> _Recorded data_:
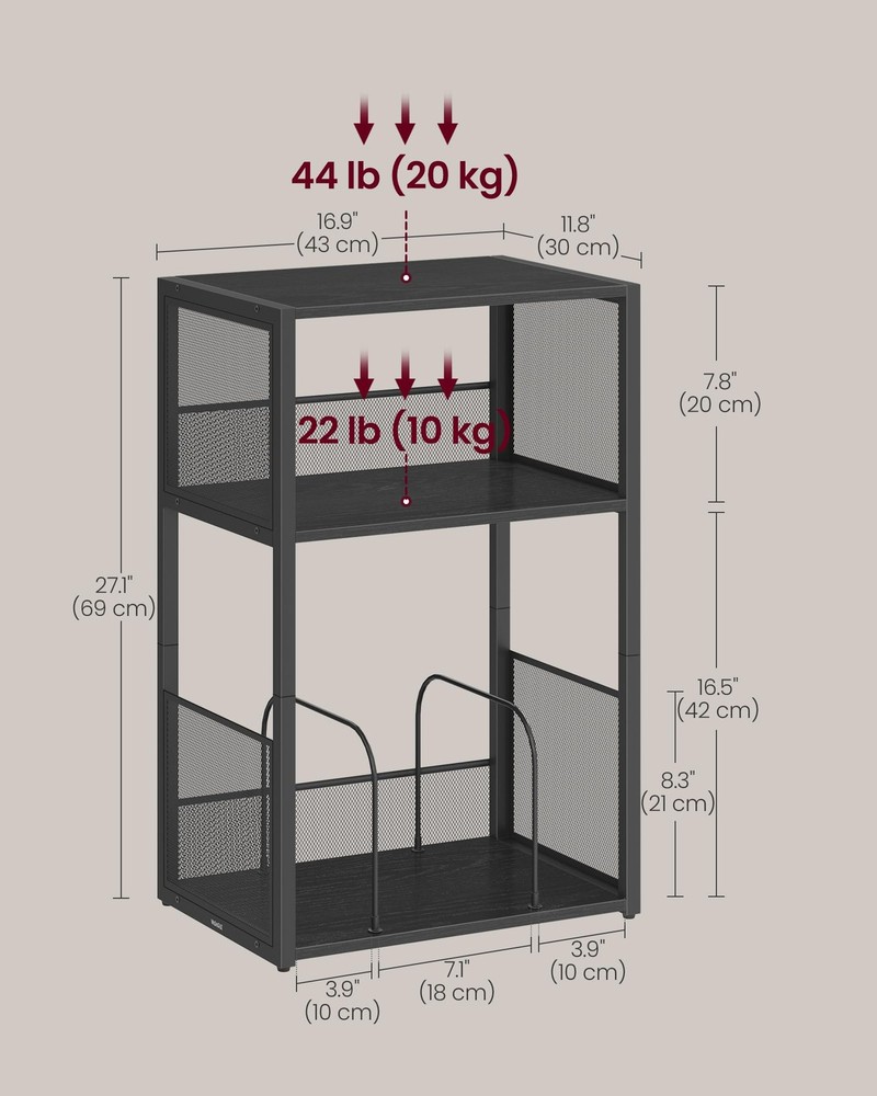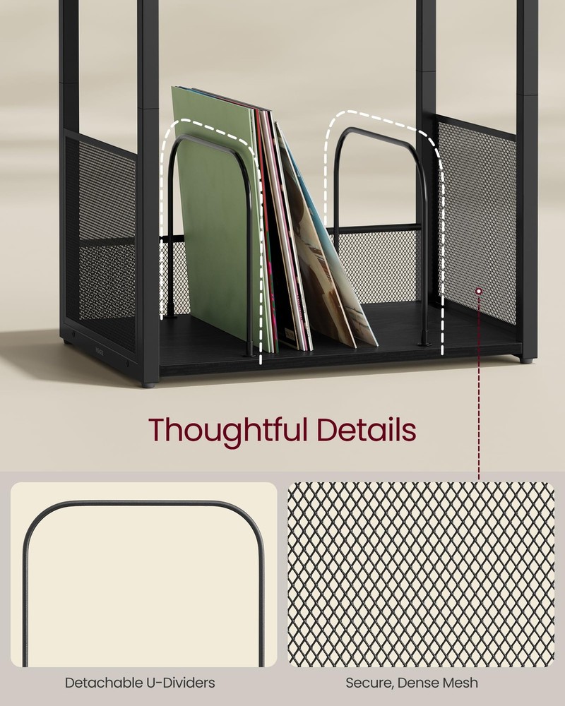 Are you tired of having your vinyl collection scattered all over the place? Meet the record player table, the practical and elegant solution to keep your records and player organized in style. Highlights of This Record Player Stand at a Glance: - 3-Tier Design: The top holds your record player, while 2 open shelves up to 100 albums. - Versatile Use: Doubles as an end table for your living room, bedroom, or study. - Sturdy Build: Made with particleboard panels and a steel frame for durability. - Rustic Charm: This side table's industrial look and clean lines complement your home decor. - Details Matter: Dense mesh prevents items from falling, and the U-shaped dividers allow for categorized storage. Specifications: - Color: Ebony Black - Product Size: 11.8"D x 16.9"W x 27.1"H (30 x 43 x 69 cm) - Material: Particleboard, Steel - Product Weight: 13.4 lb (6.1 kg) - Max. Static Load Capacity of the Top: 44 lb (20 kg) - Max. Static Load Capacity of the Middle Shelf: 22 lb (10 kg) - Max. Static Load Capacity of the Bottom Shelf: 44 lb (20 kg) Package Contents: - 1 x Record Player Stand - 1 x Accessory Kit - 1 x Instructions Notes: - Do not sit on the side table. 【3-TIER DESIGN】This bedside table features a tabletop for your record player and 2 open shelves that can hold up to 100 albums. Enjoy a tidy and organized music area 【EASY ASSEMBLY】This record player stand comes with detailed instructions and labeled parts, making it a breeze to assemble in just 6 simple steps 【VERSATILE USE】This turntable stand doubles as a side table, making it a versatile addition to your living room, bedroom, or study. Enjoy your afternoon tea or daily essentials with ease 【STURDY AND STYLISH】Crafted from robust particleboard and steel, this couch table is built to last. The ebony black color creates an industrial look, adding a touch of vintage charm to your decor 【THOUGHTFUL DETAILS】The dense mesh prevents items from falling off, while the removable U-shaped dividers at the bottom allow you to customize your storage space to fit your needs
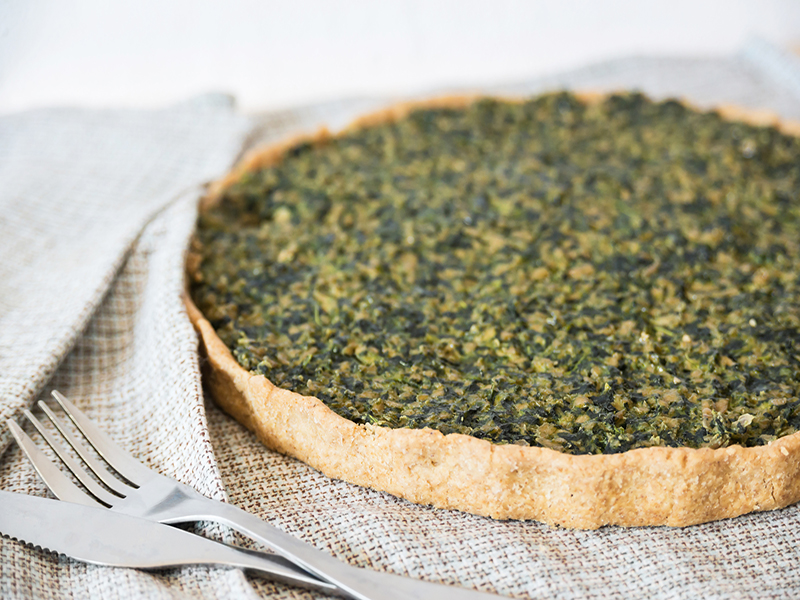 Homemade shortcrust pastry quiche with tofu and spinach
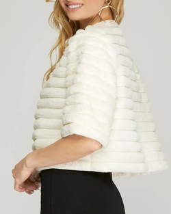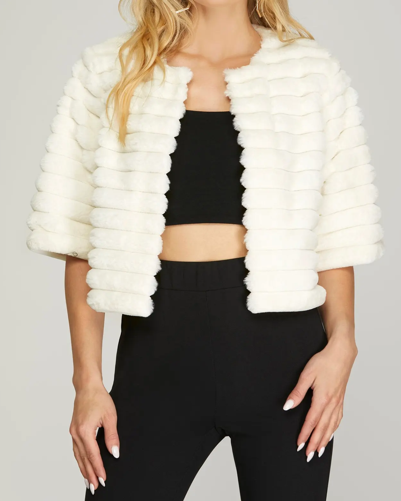 Stay cozy and chic with this off-white cropped faux fur jacket. Its half sleeves and playful length make it the perfect statement piece for any fun outing.
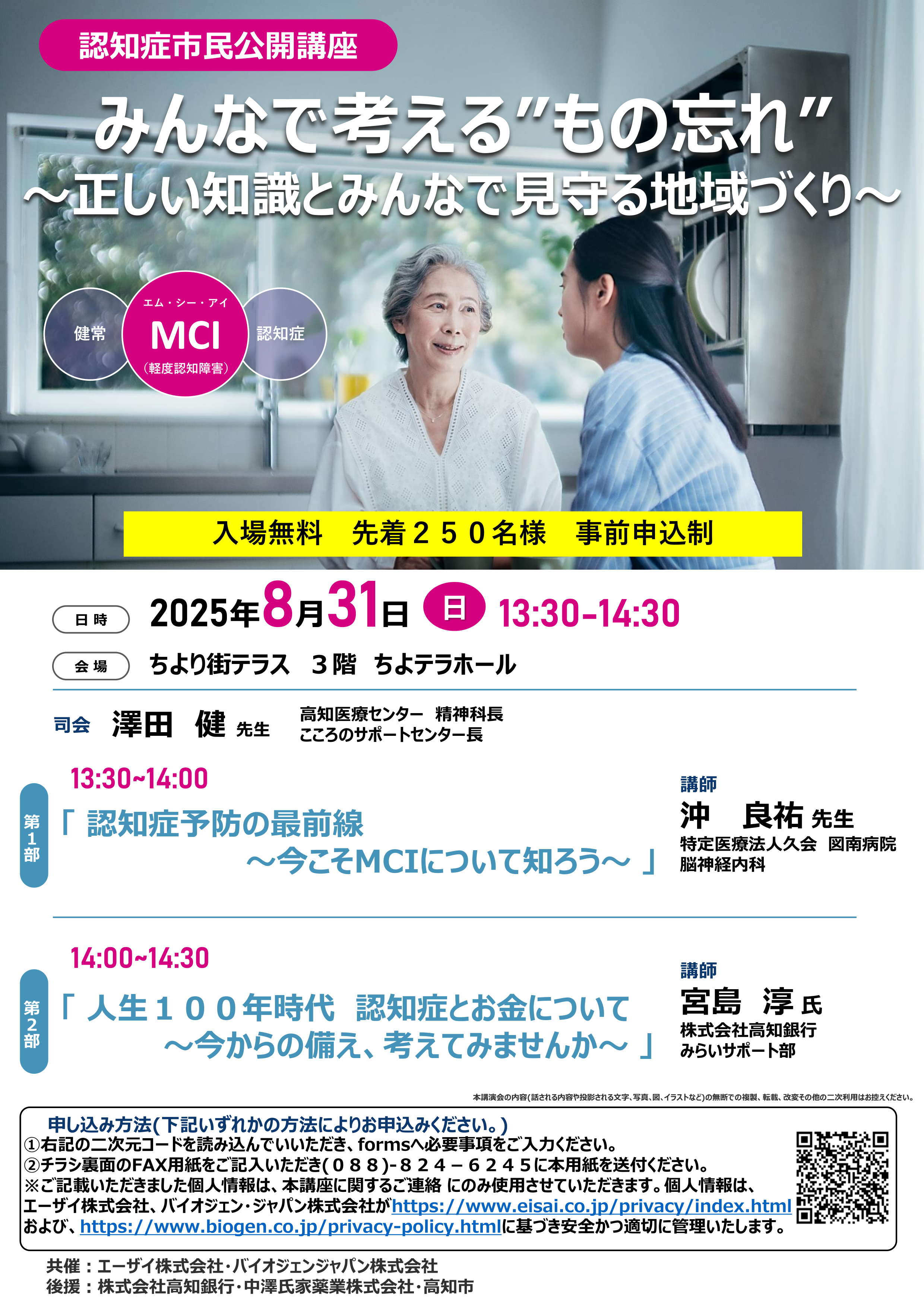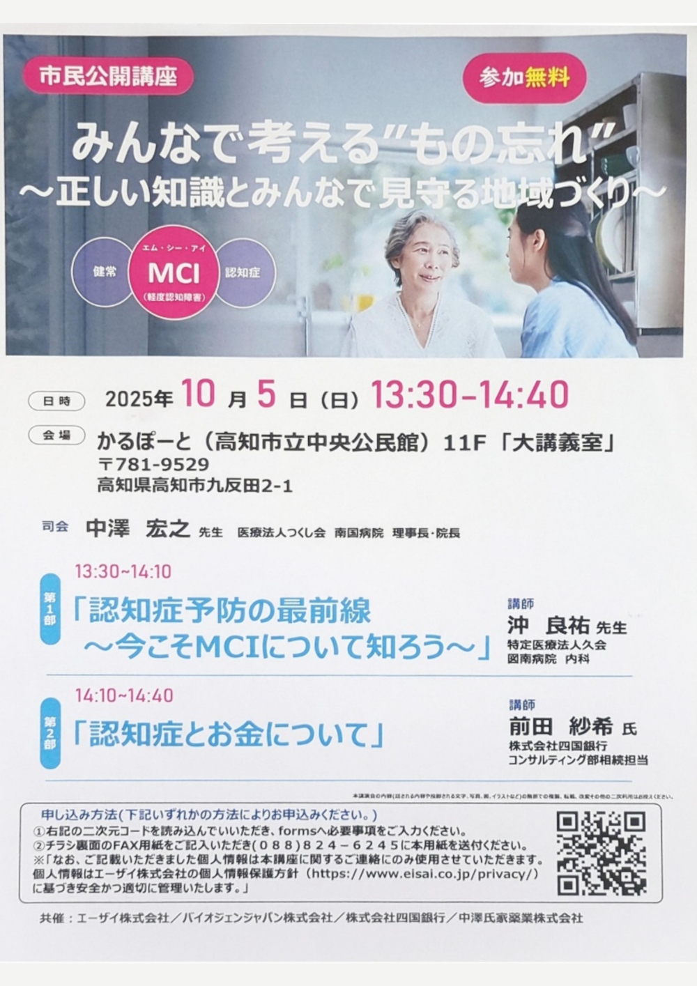 演題:認知症市民公開効果認知症予防の最前線~今こそMCIについて知ろう~

> _Exercise objective_:
Repeat, exactly and only, the lines from the one containing "Stay cozy and" through the final line of the data, both ends included, leaving out any picture.

> _The answer_:
 Stay cozy and chic with this off-white cropped faux fur jacket. Its half sleeves and playful length make it the perfect statement piece for any fun outing.
 演題:認知症市民公開効果認知症予防の最前線~今こそMCIについて知ろう~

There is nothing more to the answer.